§ **Task description**:
When the data below is printed, every line must match exactly and the images must be absent.

Supplied material Start Marker

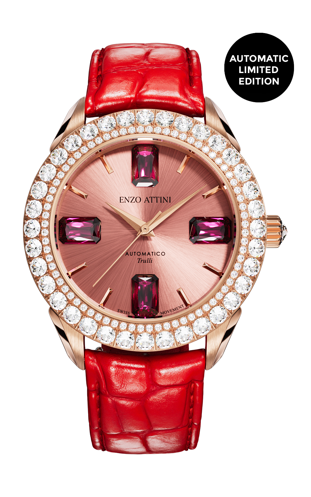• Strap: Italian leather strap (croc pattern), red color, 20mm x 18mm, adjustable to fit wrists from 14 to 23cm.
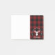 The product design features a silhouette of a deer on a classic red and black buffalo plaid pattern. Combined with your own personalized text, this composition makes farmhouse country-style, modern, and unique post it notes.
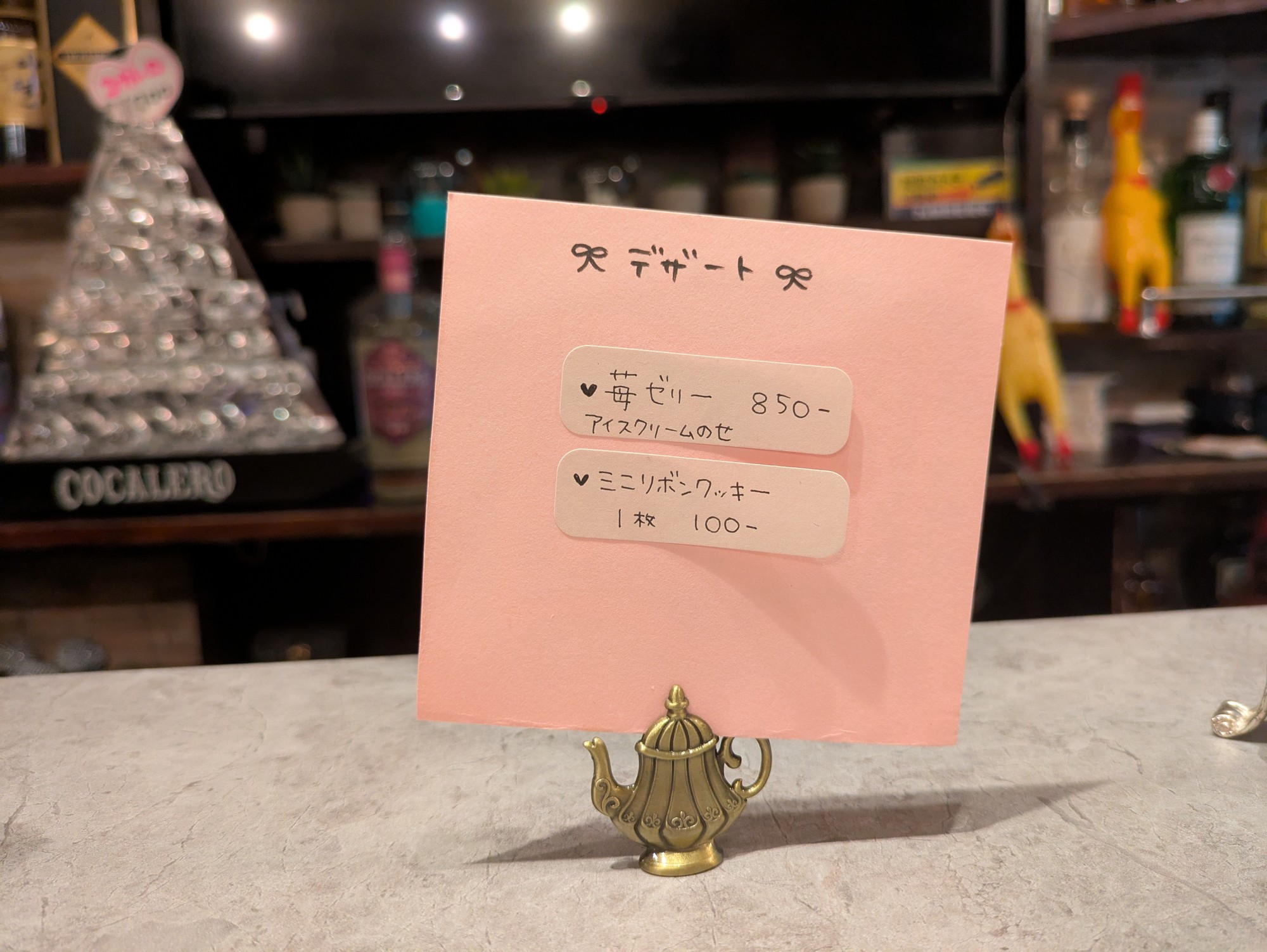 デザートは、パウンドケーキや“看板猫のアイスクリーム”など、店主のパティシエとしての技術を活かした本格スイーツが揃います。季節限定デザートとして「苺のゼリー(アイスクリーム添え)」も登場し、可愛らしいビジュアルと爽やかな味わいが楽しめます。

Supplied material End Marker

§ **Written solution**:
• Strap: Italian leather strap (croc pattern), red color, 20mm x 18mm, adjustable to fit wrists from 14 to 23cm.
 The product design features a silhouette of a deer on a classic red and black buffalo plaid pattern. Combined with your own personalized text, this composition makes farmhouse country-style, modern, and unique post it notes.
 デザートは、パウンドケーキや“看板猫のアイスクリーム”など、店主のパティシエとしての技術を活かした本格スイーツが揃います。季節限定デザートとして「苺のゼリー(アイスクリーム添え)」も登場し、可愛らしいビジュアルと爽やかな味わいが楽しめます。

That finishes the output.